-
Notifications
You must be signed in to change notification settings - Fork 4.1k
kv: DeleteRange anomaly at SNAPSHOT #6240
Description
TestTxnDBLostUpdateAnomaly_DeleteRange currently fails with variations of
iso=[SNAPSHOT SNAPSHOT SNAPSHOT], pri=[3 2 1]
I1.1(A)[1] C1.1 DR3.1(A-C) R2.1(A)[1] C3.1 W2.1(B-A)[1] C2.1
and
iso=[SNAPSHOT SNAPSHOT SNAPSHOT], pri=[2 3 1]
I1.1(A)[1] C1.1 R2.1(A)[1] DR3.1(A-C) W2.1(B-A)[1] C3.1 C2.1
In the first
- the value A=1 is written and committed
- transaction 3 deletes A-C (which means leaving an intent on A and
populating the write timestamp cache interval A-C. - transaction 2 pushes the intent on A and reads A=1.
The write timestamp cache entry on A isn't updated properly in the process
(which is an unrelated issue that likely incurs anomalies). - transaction 2 writes B=1, commits.
This is the anomaly: logically, there is DeleteRange intent sitting there
with a higher timestamp, so this should be a write-write conflict. But there
isn't an actual intent there (since the key was previously vacant, just like
the countably infinite rest of vacant keys around it). - transaction 3 commits (at its higher timestamp), so now A=,
but note that we still have B=1 (written by transaction 2).
Note that this example should fail in the same way with only transaction 3 at
SNAPSHOT isolation.
The one obvious fix that comes to mind is to "somehow" push the whole range
entry in the timestamp cache forward along with the push of one of its intents.

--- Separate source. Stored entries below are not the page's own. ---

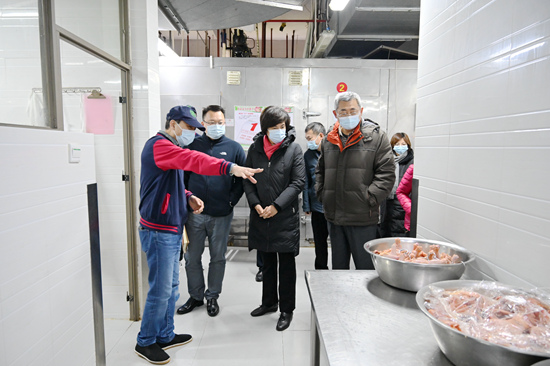 刘雅红先后对绿榕园食堂、莘园食堂、芷园食堂、荷园食堂、稻香园食堂、西园食堂、幼儿园食堂及西点屋等进行实地查看,深入各食堂的操作间,仔细查看食堂的环境卫生、仓库储存、现场操作、工用具分类使用、食品售卖及留样、“阳光厨房”监控视频和消防器材使用等情况,重点检查了食堂员工健康检查记录、场所消毒记录以及餐具消毒等情况,特别是食堂为学生返校后就餐所做的系列疫情防控工作。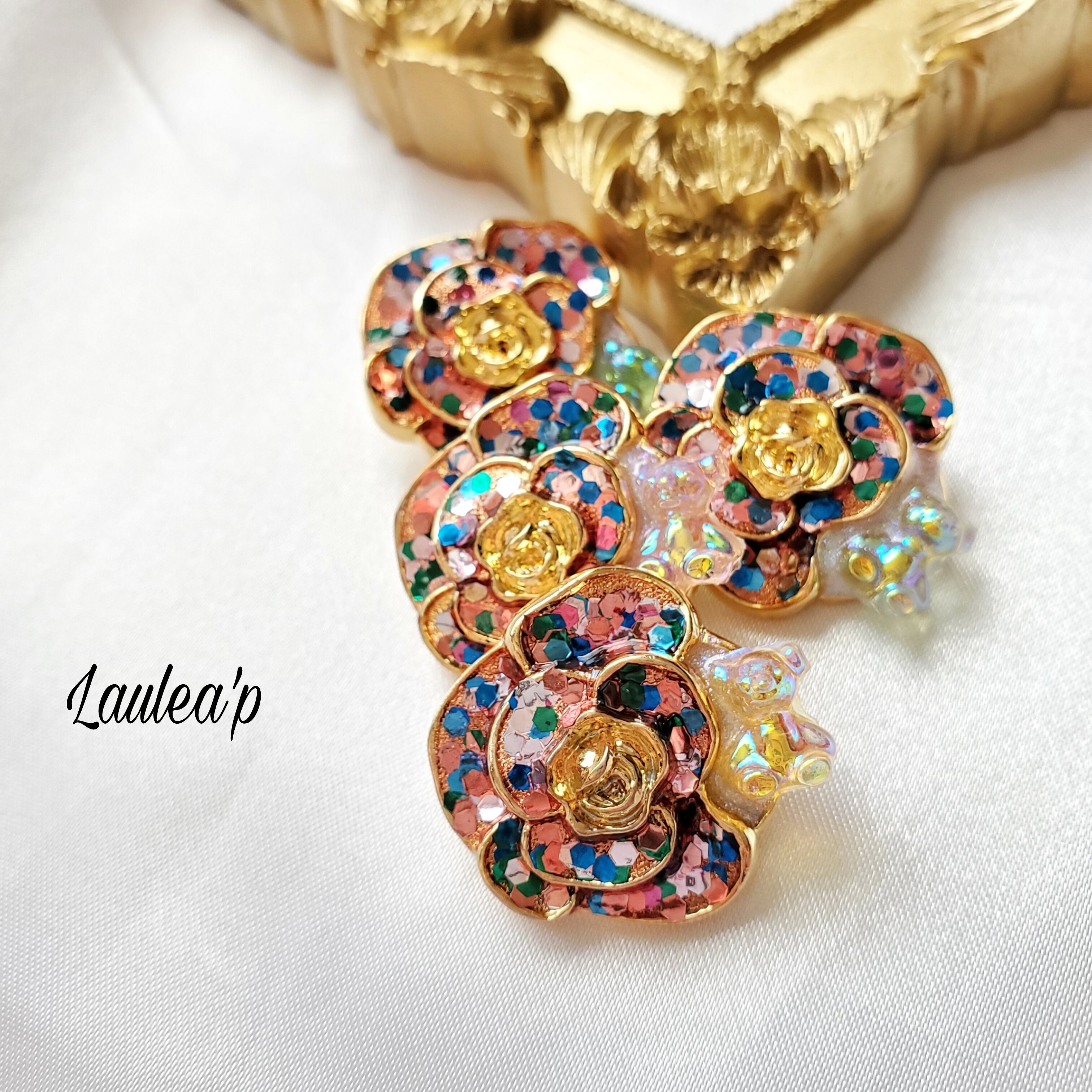 (25mm)ローズボタン ❁.ミックスラメグリッター(くまちゃん)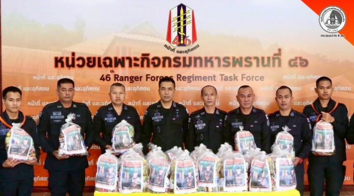 เมื่อวันที่ 9 กุมภาพันธ์ 2569 เวลา 10.00 น. ณ กองบังคับการหน่วยเฉพาะกิจกรมทหารพรานที่ 46 วัดสวนธรรม หมู่ที่ 2 ตำบลรือเสาะออก อำเภอรือเสาะ จังหวัดนราธิวาส พันเอก นพดล พรหมมาก ผู้บังคับหน่วยเฉพาะกิจกรมทหารพรานที่ 46 พร้อมด้วยรองผู้บังคับหน่วยเฉพาะกิจกรมทหารพรานที่ 46 ได้มอบถุงยังชีพให้แก่ผู้บังคับกองร้อย และกำลังพลจิตอาสาในพื้นที่อำเภอรือเสาะ จำนวน 40 ชุด เพื่อกระจายความช่วยเหลือไปยังผู้ยากไร้และผู้ป่วยติดเตียงในพื้นที่อย่างทั่วถึง

However, that seems brittle and may not reliably be possible since the
timestamp cache's current implementation freely splits up its intervals as new
entries are added.
In the second one, the read of A and the range deletion are interchanged:
iso=[SNAPSHOT SNAPSHOT SNAPSHOT], pri=[2 3 1]
I1.1(A)[1] C1.1 R2.1(A)[1] DR3.1(A-C) W2.1(B-A)[1] C3.1 C2.1
In other words:
- write and commit A=1 as before
- txn2 reads A=1
- txn3 deletes A-C (so
ts(txn3) > ts(txn2)) - txn2 writes B=1 (pushing its timestamp due to tsCache entry on A-C); now
againts(txn3) < ts(txn2) - both commit and the visible values are A=, B=1; we've again lost txn3's
deletion of B.
This seems a little less anomalous than the above since essentially what
happens is that txn2 has write skew: It reads a stale value of A and writes
it somewhere, except that this "somewhere" would be a write-write conflict in
most monolithic databases.
See #6227 for the PR that introduced these tests.